Explore head-to-head clinical comparisons of other medications in the same therapeutic classes.
Common clinical questions about SEIZALAM vs AZITHROMYCIN, answered by our medical review team.
SEIZALAM is a Benzodiazepine Anticonvulsant that works by Binds to benzodiazepine site on GABA-A receptors, enhancing chloride ion conductance and neuronal hyperpolarization.. AZITHROMYCIN is a Macrolide Antibiotic that works by Binds to the 50S ribosomal subunit of susceptible bacteria, inhibiting m RNA translation and thus protein synthesis.

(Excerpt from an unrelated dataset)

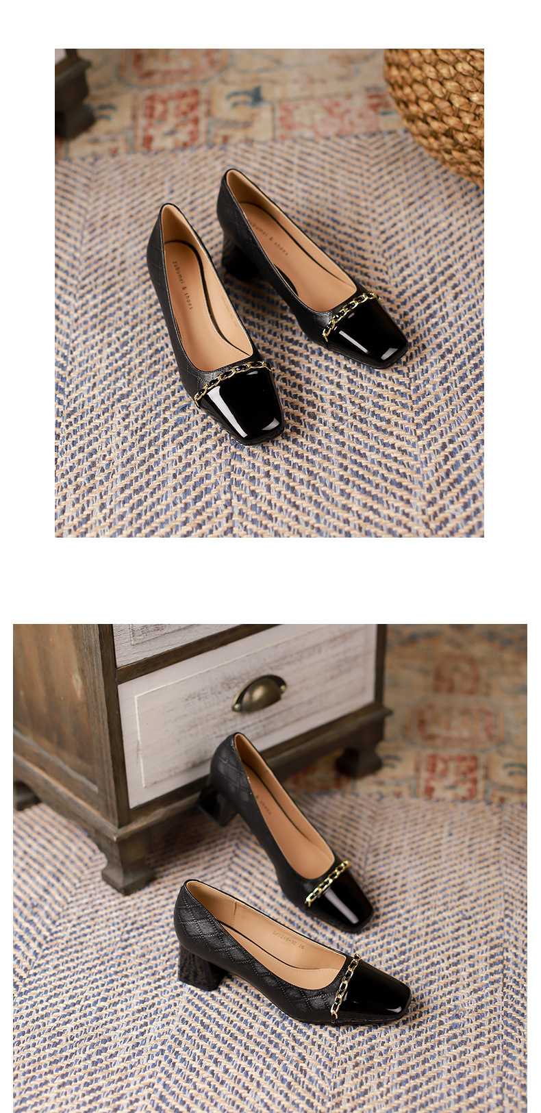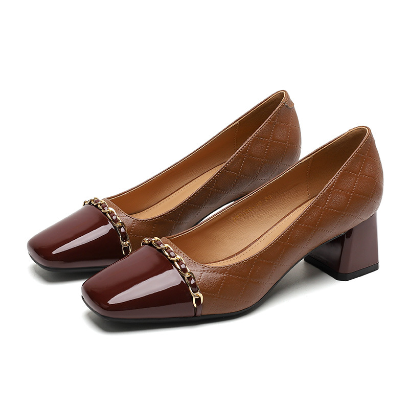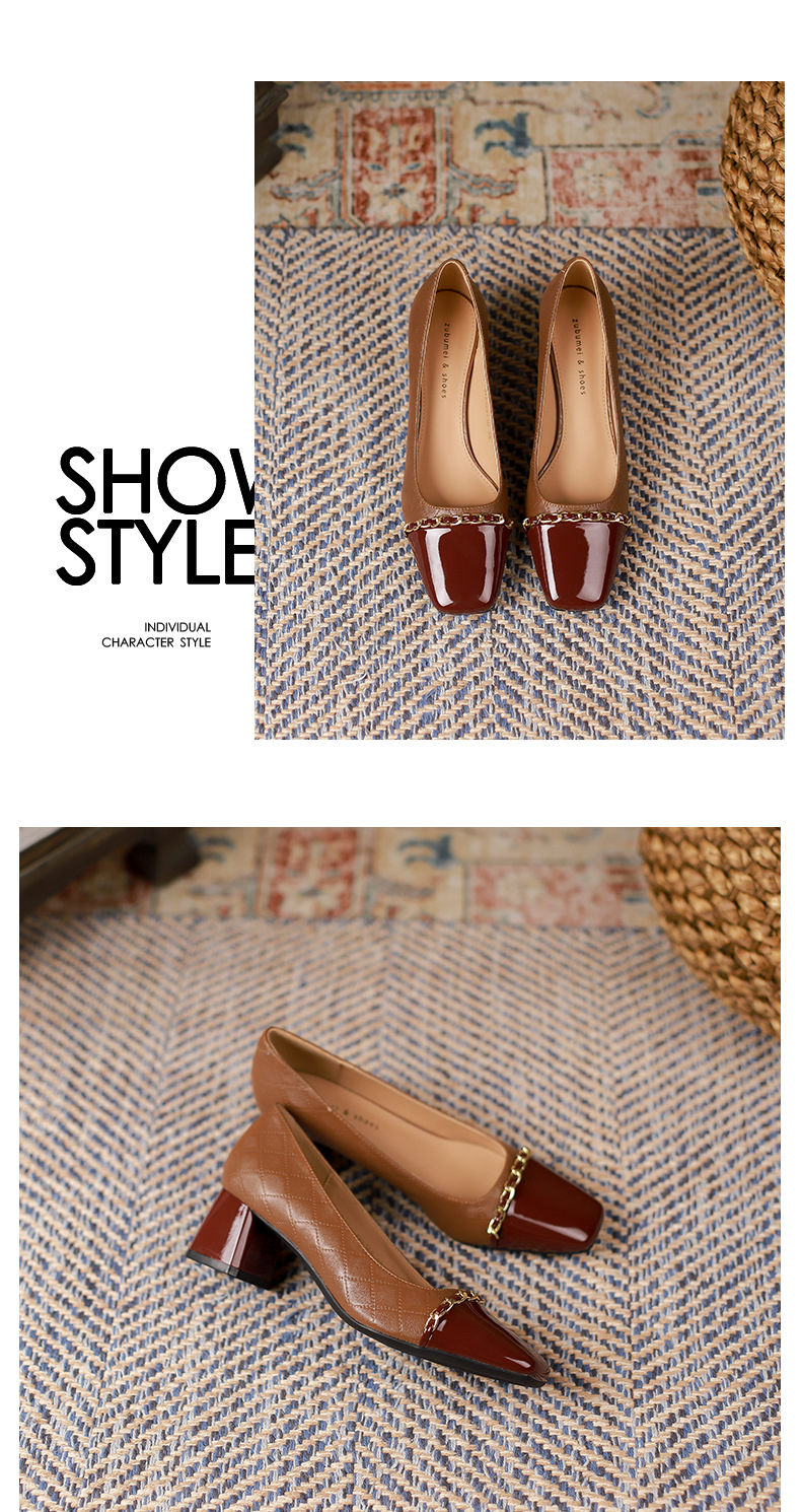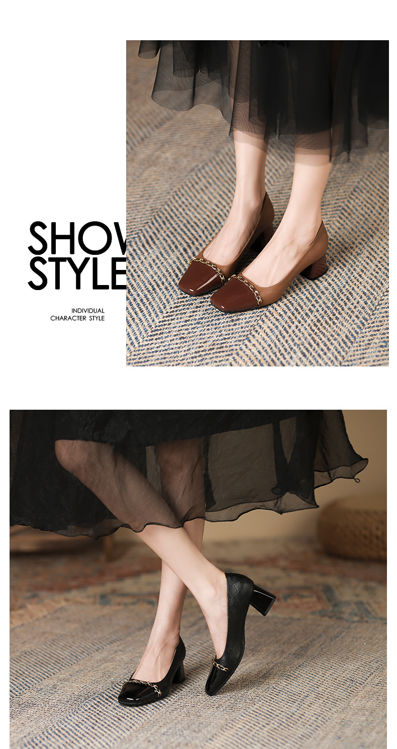 Giày Mary Jane cho nữ, kiểu dáng cổ điển phong cách Anh, điểm nhấn là dây kim loại bản nhỏ tinh tế. Mẫu giày này kết hợp hai tông màu hài hòa, tạo nên vẻ đẹp mới lạ. Đế thấp vừa phải, kiểu đế thô chắc chắn giúp bạn di chuyển thoải mái cả ngày. Phù hợp để phối cùng nhiều trang phục như váy, quần âu trong tiết trời thu. Sử dụng bằng cách xỏ chân và cài khóa dây kim loại cho vừa vặn. | Tên sản phẩm: Giày Cao Gót Nữ Gót Vuông Hàng Mùa Xuân Thu Đông Phục Cổ Cổ Điển - Giày Dép Nữ | Mã sản phẩm: L0542 - Giá: 890.000đ | Mã nhà sản xuất: HURYAN-G03Hình ảnh sản phẩm

Exhibits concentration-dependent bactericidal activity.. They differ in pharmacokinetic profiles, FDA-approved indications, and side effect profiles.
Potency comparisons between SEIZALAM and AZITHROMYCIN depend on the specific clinical indication. These are agents from distinct pharmacological classes and are not directly interchangeable by dose. A physician or clinical pharmacist should guide any therapeutic switching decisions.
The standard adult dose of SEIZALAM is: 0.5 mg orally twice daily, titrated weekly by 0.5 mg/day to a maximum of 4 mg/day. The standard adult dose of AZITHROMYCIN is: 500 mg orally once daily for 3 days, or 500 mg IV once daily for at least 2 days followed by 500 mg orally to complete 7-10 days of therapy for community-acquired pneumonia. For other indications, typical adult dose is 500 mg orally on day 1 then 250 mg orally once daily on days 2-5.. Dosing should always be individualized based on indication, renal and hepatic function, age, and other patient factors.
No direct drug-drug interaction has been formally documented between SEIZALAM and AZITHROMYCIN in current clinical databases. However, individual patient risk factors including other medications, organ function, and comorbidities should always be evaluated by a qualified healthcare provider.
The maternal-fetal safety profiles differ. SEIZALAM is classified as Category C. First trimester: Increased risk of major congenital malformations, particularly neural tube defects and orofacial clefts (OR 2.0-3.0). Second/third trimester: Fetal growth restrict. AZITHROMYCIN is classified as Category A/B. FDA Category B. No evidence of teratogenicity in animal studies; limited human data show no increased risk of major malformations. First trimester: No significant association with . Always consult a maternal-fetal medicine specialist before taking either drug during pregnancy or lactation.